Please see Amazon Knows Your Relatives Can’t Buy You Gifts, Amazon and E-Retailers Brace for Google’s E-Book Shop, and Hate Your Kindle? Here’s What You Can Do.

If one were to have predicted that the outfit which pioneered online book selling was imploding on the very day fusty, 40-year-old brick-and-mortar Borders Group (BGP) was surging, people would say you were reading Alice in Wonderland. The logic may indeed be "curiouser and curiouser" but there's no doubt that this Ann Arbor outfit is a stellar performer on an otherwise dire day, its shares up more than 11% as I write.

While bankruptcy still remains a distinct possibility in this Kindle age of ours, the firm has at least received a temporary stay of execution. It comes in the form of last night's $550 million commitment from GE Capital, contingent upon Borders being able to make publishers believe that it is in their best interest to convert late payments into loans.

General Electric (GE), GE Capital's corporate parent, has gotten some of its old mojo back lately, reporting impressive earnings last Friday and scoring an analyst upgrade only this morning. It clearly expects a return on its investment but with even the bookstore's president, Mike Edwards, admitting that the "current environment" surrounding the company remains challenging to say the least, this novel could yet end in Chapter 11.

Also check out Borders’ E-Reader Poses Little Threat to Apple, Amazon and GE Stock Rises After State of the Union Address.

He’s currently otherwise engaged in Davos announcing the commitment of $50 million for early childhood vaccinations, but Microsoft's (MSFT) Bill Gates must be wishing he could also inoculate his company against the sort of early earnings release which bedeviled the tech giant yesterday afternoon. Shares are slumping in tandem with equities almost everywhere, though the numbers were actually quite good.

This stock has essentially been dead money for a decade now while Apple (AAPL) and others have stolen Mr. Softee's thunder, but the Rodney Dangerfield reputation is arguably undeserved. Its newly launched Kinect for Xbox 360 has actually outsold the iPad and its Vista debacle is now comfortably in the rearview mirror.

Hard as it may be to get excited about an erstwhile tech titan for its dividend, Microsoft also now yields a respectable 2.30%. With corporate spin-offs all the rage at present, a bold move like separating its entertainment business -- now 19% of total revenues -- may ultimately make sense. In the meantime the firm continues to perform well in enterprise platforms, so shares may be worth another look at current valuation levels.

Also check out Microsoft’s Stony Silence Doesn’t Bode Well for Windows Phone 7, Google Chrome OS Is Microsoft’s Nightmare, and Where’s All the Kinect Sex?

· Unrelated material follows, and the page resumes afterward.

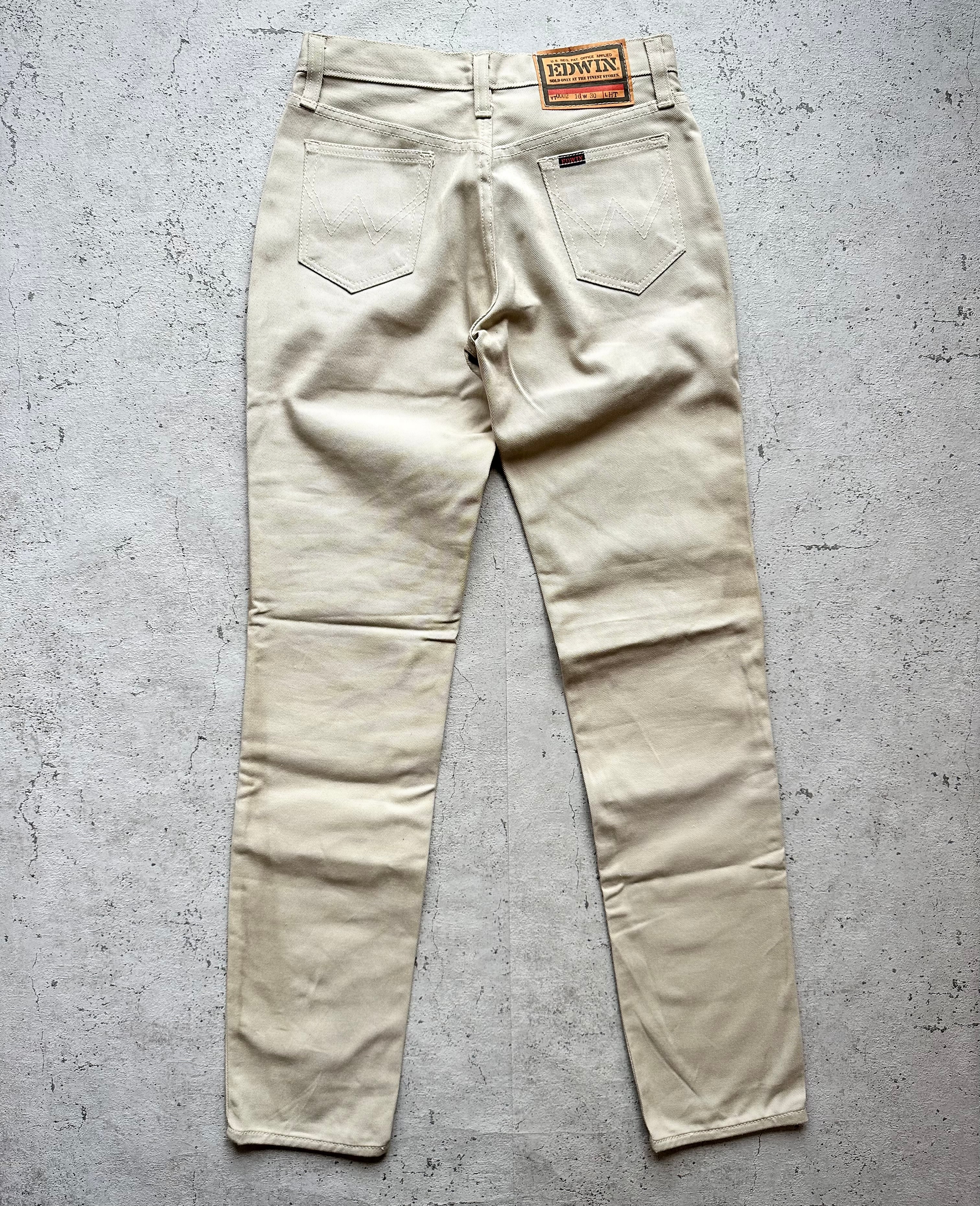 DEAD STOCK 70s〜 “ EDWIN ” 5PKT TWILL SLIM PANTS IVORY OLD VINTAGE 。

Sara Lee Corp's (SLE) former CEO Brenda Barnes had unfortunate health issues long before people began noticing Steve Jobs’ declining health or the tragic cancer diagnosis of American International Group's (AIG) Bob Benmosche. It was the saddest of several issues to have plagued one of this country's most iconic consumer goods companies, whose best-known brands also include Hillshire Farm, Ball Park, and Jimmy Dean. The company has undergone about six years of restructuring in a bid to streamline itself and enhance investor value. (Wonderbra was, until 2006, one of the labels it also owned; hardly a synergistic fit given its other brands.) Even so, it's been a long time since stockholders could say "nobody doesn't like" the firm. Shares in the Downers Grove outfit, down 4.75% yesterday, are off again today after announcing it will separate itself into two separate public companies, a transaction expected to be complete early next year.

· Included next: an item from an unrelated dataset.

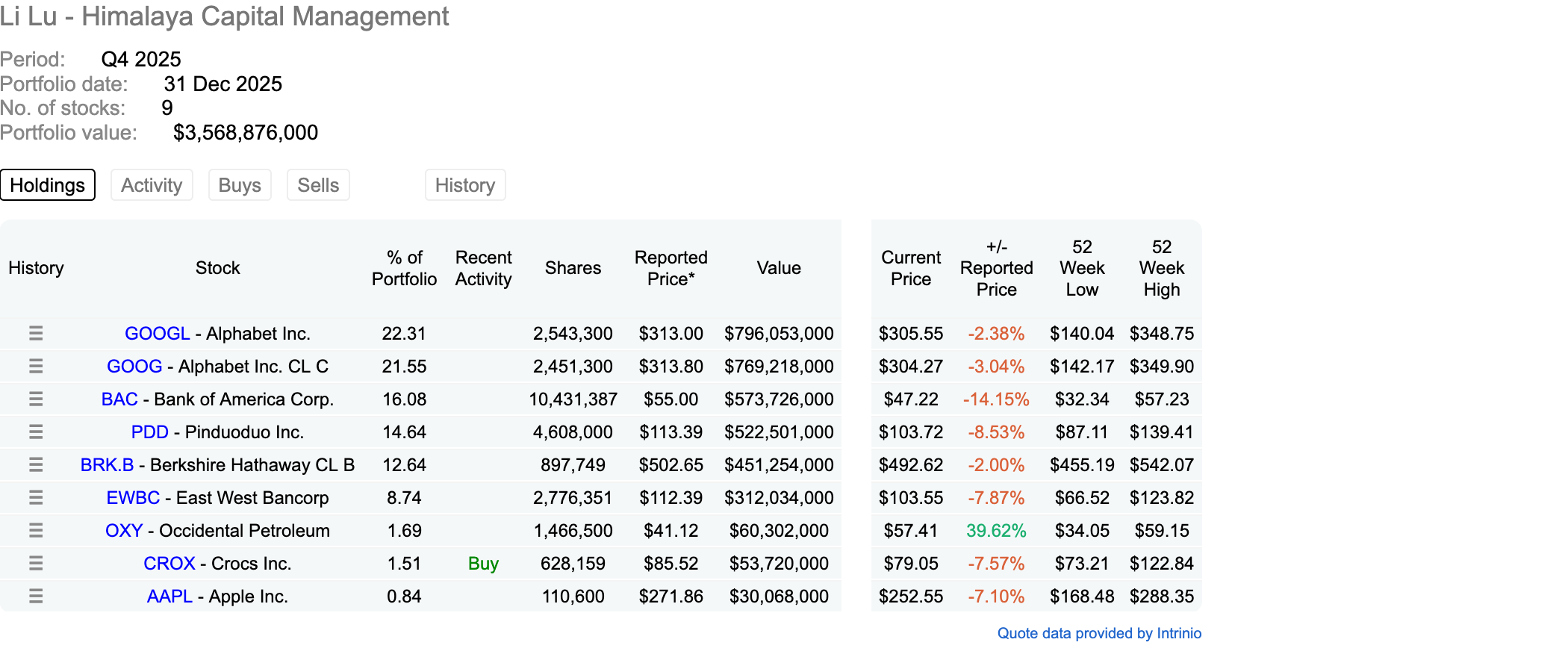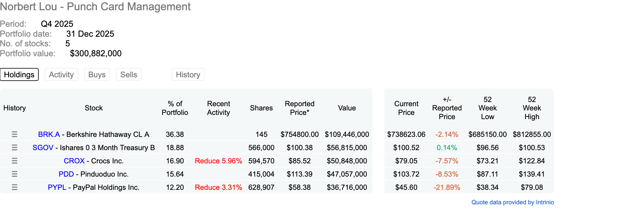 *IAC originally was purchased in 2021, but sold at the end of 2024 for tax loss purposes and re-bought back in 2025.

The dual entities are its North American Retail and Foodservice businesses, a tax free spin-off, plus an as-yet-unnamed outfit comprising its current International Beverage and Bakery businesses, as well as the North American beverage business. Sara Lee has paid dividends continuously for more than 65 years, and it just announced another payout, so investors are admittedly being paid to wait while the turnaround bears fruit. We wish them well, though the wait has thus far been far longer than expected and tested the patience of many investors.